Re: Sell Rentals Before Tax Residency

Post by Tkydon »

FaiyaaJapan wrote: Mon Jan 15, 2024 11:01 pm US citizen with 4 rental properties back in the US. I am currently not a tax resident in Japan, still on a working visa. I am about 2 years into my 5 years.
If you have been here for 2 years (more than 1 year), you ARE a Tax Resident. You then fall into the sub category of Non-Permanent Resident for Tax Purposes. (This has nothing to do with your Immigration Status.)
FaiyaaJapan wrote: Mon Jan 15, 2024 11:01 pm In regards to the rental properties I am thinking about selling them in the next few years as they have appreciated well. My question is it beneficial to me to sell before I hit 5 years and become a tax resident?
After 5 years in Japan in the last 10 years, you will then fall into the sub category of Permanent Resident for Tax Purposes. (Again, this has nothing to do with your Immigration Status.)
FaiyaaJapan wrote: Mon Jan 15, 2024 11:01 pm My thinking is if I keep them and sell after I become a tax resident I will have to pay capital gains tax in both the US and Japan. However if I sell before becoming a tax resident I would just pay US capital gains tax.

Is my thinking here too simplistic? Am I missing anything?

In this case, it depends on the Capital Gains Tax Rate in the US.

If you sell before the 5 years, as a Non-Permanent Resident for Tax Purposes, and if you do NOT remit funds in the year of sale, the only capital gains tax is that payable in the US.

You can then remit savings to Japan in subsequent years Tax Fee, but doing so would expose you to tax on other foreign income in the year of remittance before the 5 years, as a Non-Permanent Resident for Tax Purposes.

After the 5 years, when you become Permanent Resident for Tax Purposes, you can then remit savings to Japan Tax Free, as you will be paying tax on all other foreign income in the year of remittance anyway.

On the other hand, if you sell after the 5 years, as a Permanent Resident for Tax Purposes, whether you remit the funds to Japan or not..., OR if you DO remit funds in the year of sale before 5 years, then the capital gain is taxable in Japan as well as in the US. The capital gains tax is capped at the higher of that in the US and that in Japan, as you can claim the Foreign Tax Credit in Japan for the capital gains tax paid in the US, to the maximum of the tax assessed in Japan; i.e. until it cancels the Japan Capital Gains Tax to zero, and no more.
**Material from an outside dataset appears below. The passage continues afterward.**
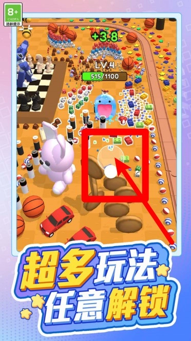 3. 果冻角色置身于满是道具和障碍的地图里,借助虚拟摇杆实现灵活的移动操控,在过程中收集物品,进而不断增大角色体型并提升等级。

However, the calculations will be based in USD in the US, and Yen in Japan, so will be higher in Japan, due to the decline in the value of the Yen, amplifying the dollar gain, over the last couple of years ;-(

As the property is not your Primary Residence, you get a Capital Gain Deduction of Y500,000 against Japan CGT.

Capital Gain is the Selling Price in Yen, minus the Buying Price in Yen, minus the Buying and Selling Costs in Yen, minus any investments in maintenance / upgrade of the property, but adding back any Depreciation you may have claimed in Japan over the duration of ownership (but you've only been here for 2 years so depreciation doesn't apply)...

If you have owned the property for more than 5 years, the Japan Capital Gain after the deduction of Y500,000 is taxed at 20.315% (15% National, 0.315% Reconstruction, and 5% Residents' Taxes), against which you can then claim the Foreign Tax Credit for amount of Capital Gains Tax paid in the US in Yen, however much that is.

If you have owned the property for less than 5 years, the Japan Capital Gains Tax Rate is a punitive 40.63% (30% National, 0.63% Reconstruction, and 10% Residents' Taxes).

The US Japan Tax Treaty - Articles 6 and 13 refer.

https://www.mof.go.jp/tax_policy/summar ... _ST_en.pdf


But, why would you want to sell? What would you do with the proceeds?

Especially if you don't know if you're going to stay in Japan for the long-term / rest of your life?

Especially if you have the properties financed with a long-term fixed interest rate (30 year fixed?)!

Simply keep the properties running, paying for themselves, and after the 5 years, you start paying Japanese Tax on Rental Income, with the Foreign Tax Credit for amount of Income tax paid on that income in the US.

Modernize to increase the rental income, refinance to take the equity out of the property (when rates are again low), take the equity from the refinancing (which is not taxable as it's a loan...) and use that to fund the down payment for the purchase of the next property and Modernize to increase the rental income, refinance to take the equity out of the property... rinse and repeat...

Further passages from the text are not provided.